The second dream wasn't as pleasant: In my dream, I was in my house but it wasn't my current house, and I just happened to look to my right and he was standing once again outside. THis time he was at a sliding glass door and was smiling and was wanting in. I, of course, let him in and I asked him the same questions,"What are you doing here? You're dead." He responded (and I remember clearly),"No, I'm not. I have been down at the border." I asked him why he left and he said that I didn't respect him so why should he stick around. The dream continued and I don't remember what happened in between, but I do remember that him and one of his friends were kind of running away from me. He was on his motorcycle and I was in his truck and he was speeding off and I was trying desperatley to keep up while I was crying. He finally stopped when he got to a Wal-Mart or something. He got off the bike and was walking away and I parked the truck and trying to keep up. The next thing I remember, he's hugging his ex-wife and I am yelling at him. I remember asking him why he was doing this to me after all that I had done for him and his response was," Yeah, everything you've done for me while I've been gone, but what did you ever do for me before?" That enraged me because I couldn't believe he was saying these things.
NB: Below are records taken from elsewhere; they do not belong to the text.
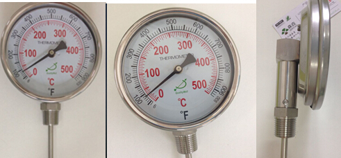 从上面的原理可以知道了吧?双金属温度计只能做到500C,所以,跟这个客户讲了一下,接受了500C的双金属温度计!
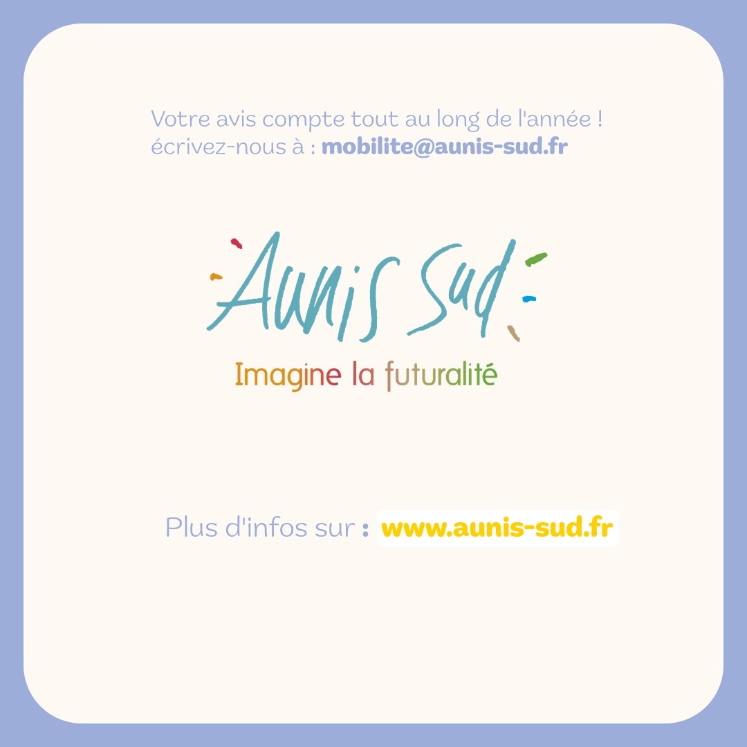 Une question ? Une idée ? L’équipe mobilité est à votre écoute toute l’année pour échanger sur vos problématiques de déplacement : mobilite@aunis-sud.fr.
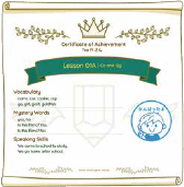 各レッスンのすべてのクイズとテストを行いレッスンを無事に修了すると、レッスン修了書を表示できるようになります。レッスン修了書には各レッスンで学んだ大切な言葉や表現の一覧が記載されています。お子さまは修了書を見て「できた」を再確認することができます。
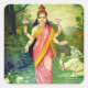Lakshmi est représenté dans l'art indien comme une femme élégamment habillée, aux couleurs dorées et prospères, debout ou assise sur un trône de lotus en padmasana, tout en tenant un lotus à la main, symbolisant la fortune, la connaissance de soi et la libération spirituelle. Son iconographie la montre à quatre mains, qui représentent les quatre aspects de la vie humaine importants pour la culture hindoue : le dharma, le kāma, l'artha et le moksha.

He also said," All the times I called you and left a message and it would take you a week to return my damn call!" At that point, I could no longer hold in my anger and I started yelling and cussing. I walked back to the truck and as I was shutting the door, his ex-wife approached me. I've never been a violent person to the point that I hit anyone, but in my dream, all I remember is just punching her in her head. At that point, I forced myself to wake up and when I did I was very upset and crying etc. THe wierd thing is, I have no idea where those accusations came from. That's what upset me most, because I didn't know if that is how he is really feeling right now. 
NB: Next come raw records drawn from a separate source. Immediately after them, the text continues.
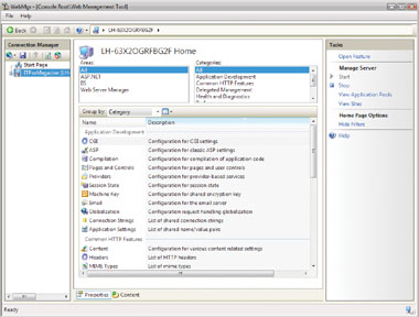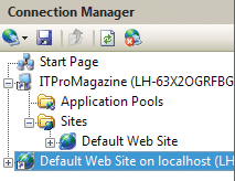 В левой панели IIS Manager, Connection Manager, отображаются все серверы IIS 7.0, к которым подключается IIS Manager. Для простоты использования соединениям можно дать имена (по умолчанию назначается имя сервера). В нашем случае имя соединения — ITProMagazine. Имя сервера — LH-63X2OGRFBG2F, как показано в верхней части центральной панели.
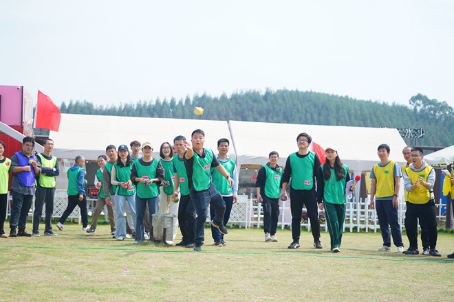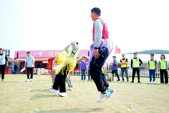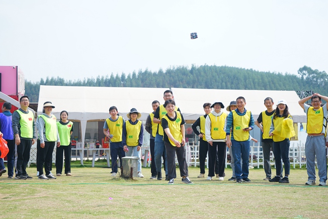 活動中,還準備了“躲貓貓、抖臀達人、蜻蜓點水、沙包擲準、坐地起身”等趣味游戲,100多人分為6個小組,團結協作,互相比拼,贏取積分,拿下勝利果實。
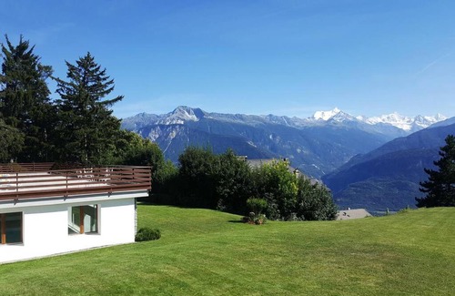 Sunny 2 BR w large terrace, stunning views & pool is located in Crans-Montana.
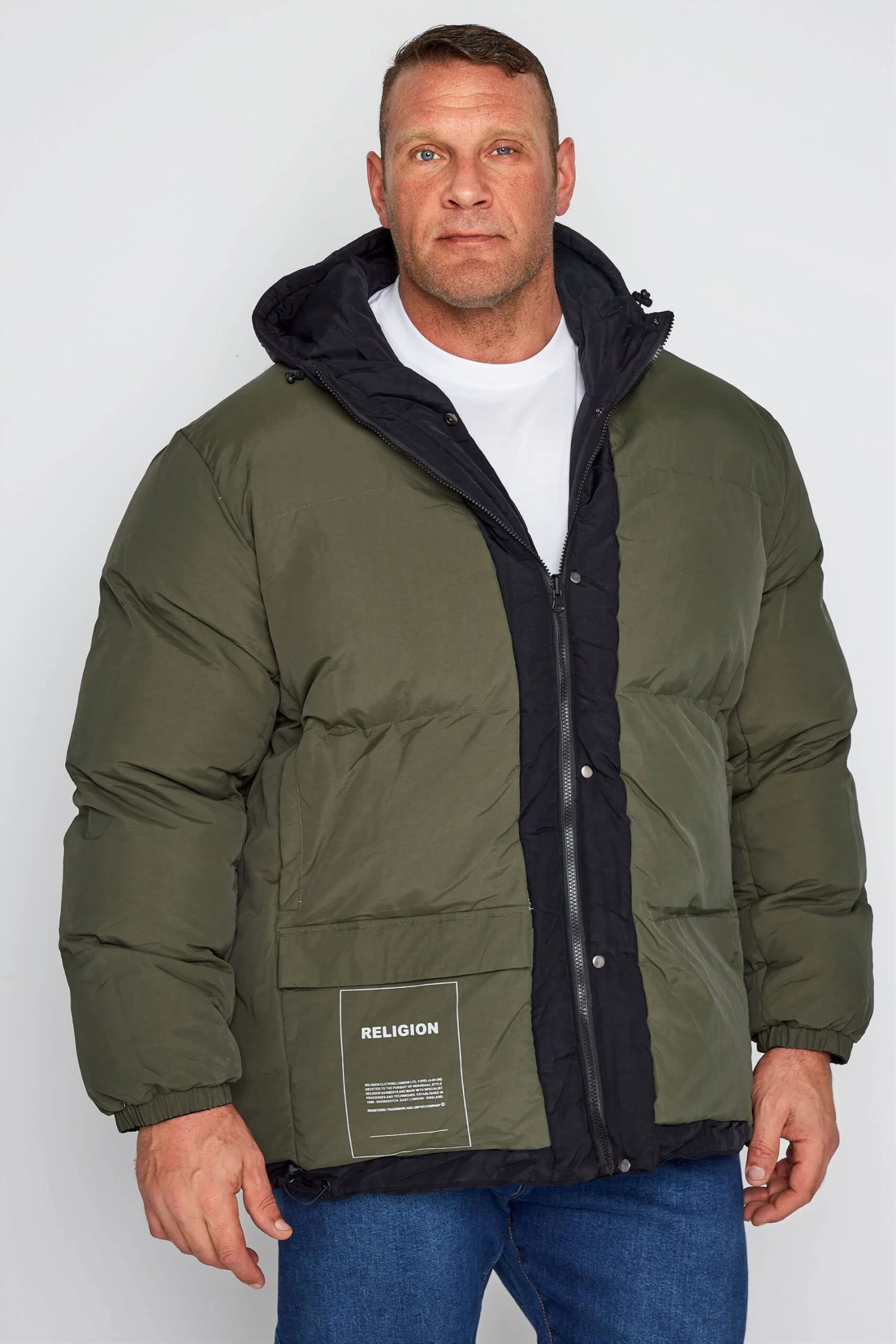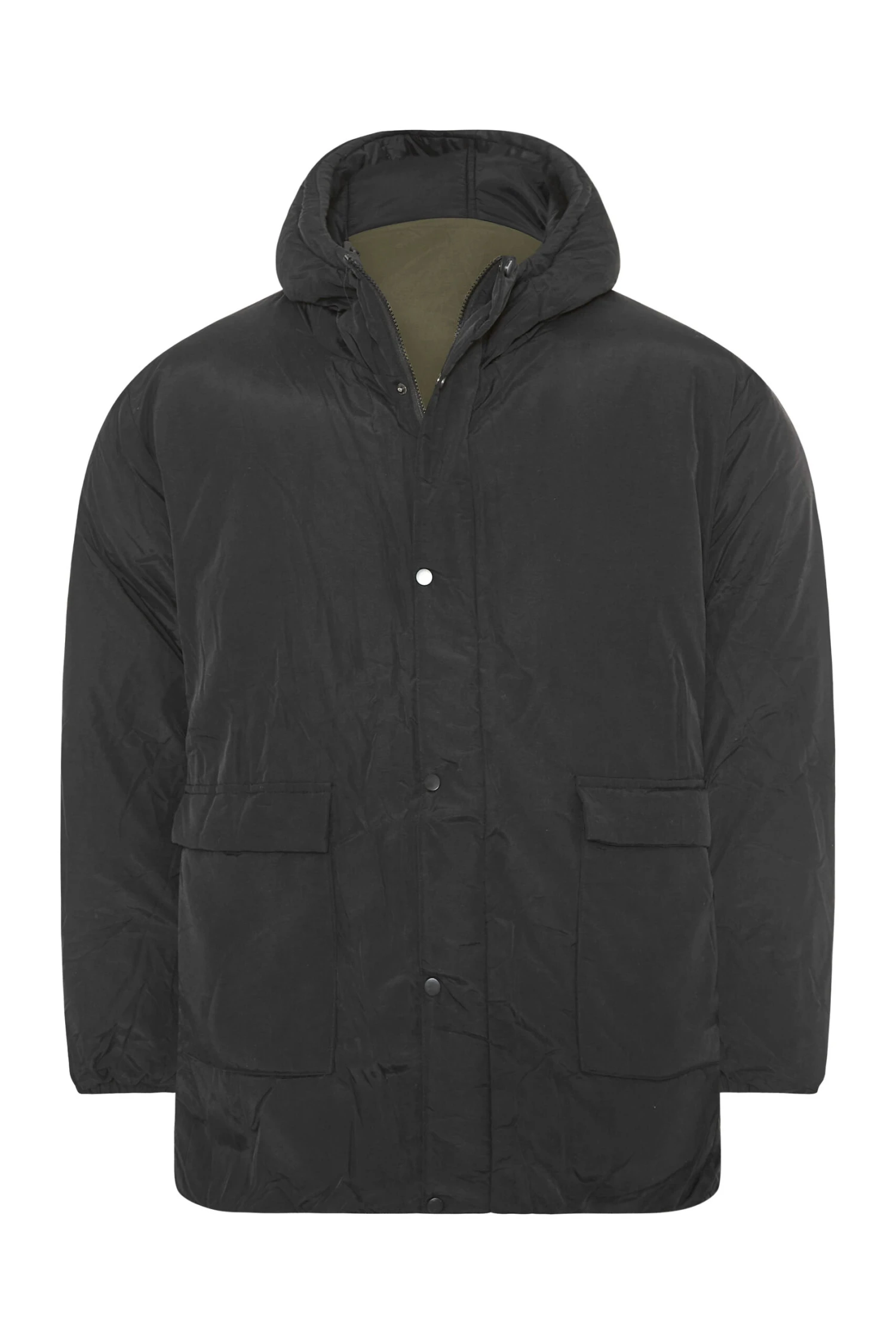 RELIGION Big & Tall Black & Khaki Green Reversible Parka Coat
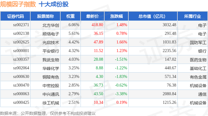 证券之星消息,9月23日,规模因子(980055)指数报收于1921.58点,跌0.12%,成交720.02亿元,换手率2.06%。当日该指数成份股中,上涨的有18家,沃尔核材以10.0%的涨幅领涨,下跌的有31家,龙佰集团以4.04%的跌幅领跌。
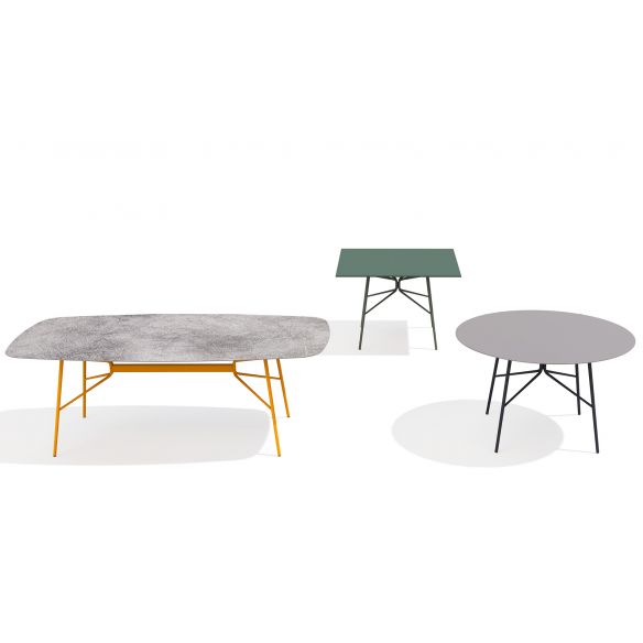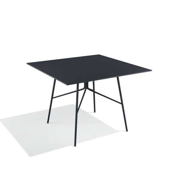 Table carrée 120x120cm avec structure en acier et plateau en acier ou HPL (High Pressure Laminate). Elle possède une structure complexe mais dégage une impression visuelle de légèreté et d’une extraordinaire modernité.

I had a third dream, I knew I had a dream about him, but I could only remember bits and pieces of it. THen when I woke up, I couldn't remember anything. When I got to work that morning, my sister called me and told me she had a dream a couple weeks ago about my dad. We're half sisters and we don't share the same Dad. She said that in her dream she was sleeping and she had this wierd feeling. SO, she went and opened the front door. He was standing there once again and he was smiling. She said that he was cradling a paper bag. She never asked him what it was, but assumed it was a 6-pack of beer. She said she felt like she was expecting him and like it was normal for him to come over. SHe said that she let him in and they were sitting on her couch. She said the wierd thing was that they were talking, but their lips weren't moving, he was just sitting there smiling. She said that he told her,"Don't worry about Nikki (which is me), she will be fine. I am happy and you dont' need to worry." She said he kept on repeating that. THen he said,"I do want you to pass a message to Nikki for me. Tell her that I am happy where I am, not to worry, and that she will be okay and she'll do fine." She said that the dream ended and when she woke up, she felt very calm. 

If anyone has any response to these dreams and can help me better understand the coincidences of him always being at a door and smiling, I'd appreciate it. Any feedback at all will be appreciated. Thanks.

----------


## Seeker

First, welcome!   ::D:    Go Hokies!

Second, no body but yourself can really interpret your dream.  
If I could hazard a guess, I'd say that it is your spirit trying to come to some sense of closure.  A couple of months is not really a lot of time to even begin to get over such a loss.

Do you feel better now after these dreams?  Maybe just a little bit calmer and more at peace?


EDIT: Removed double post from Newbie section

----------


## ffx-dreamz

Welcome!  ::breakitdown::   ::cheers::   ::D:   ::fro::

----------


## Mar2000

In real life, how did your father die? Anything strange about his death? Was he suddenly inclined on reading books, for example, before his death?

----------


## Eesiel

First of all im sorry for your loss  :Sad:  second of all I cant tell you what your dreams mean but maybe these guesses could get you on the right track. I think the more nasty dreams could reflect your frustration with his immediate death. Do you feel sort of abandoned maybe in the sense that you feel like your left behind by his sudden death? Overall I would say that such a quick death would leave alot of tensions in your family unresolved and your looking for some answer in all of this. Give it time he loved you and would want you to do the best you could. The good dreams are what you should be focusing on maybe those suggest that he never really left. Maybe hes still there inside you. Its you remembering all the good times you had with him. Im sure hes at peace now and would not have abandoned you like in the other dream. At least you have your sister to help you through this. I cant be sure these are just guesses. Best of luck hope you feel better  :Sad:

----------


## chajadan

"at a door and smiling" sounds to me like your dad is content with the threshold he's gotten involved with. I too, believe dreams are best interpreted by the dreamer, but the image is a strong one to me. Doors are also places where we regularly run into people, so it also just makes sense to meet someone at a door, rather than say, in your closet.

That second dream where issues pops up sounds so typical to me. Seriously, I get like deja vu from your post and the pattern goes ~exactly~ like this to me:

Dream One: you see a loved one that's passed on, it's good and they're happy
Dream Two: you seem to have been a disappointment some how, or a problem
Dream Three: hard to remember but they were there

I'm not joking, I feel like I've had these same set of dreams. As for the second one, I just chalk it up to covering all our bases and doing analysis. It can be discomforting, but is always such obvious bullshit, and I never end up truly thinking it reflects anyone's true feelings. Dream three is always like, a sign of moving on to me.

But again, sit with interpretations yourself and see what feels best. Sometimes a cigar, right?

----------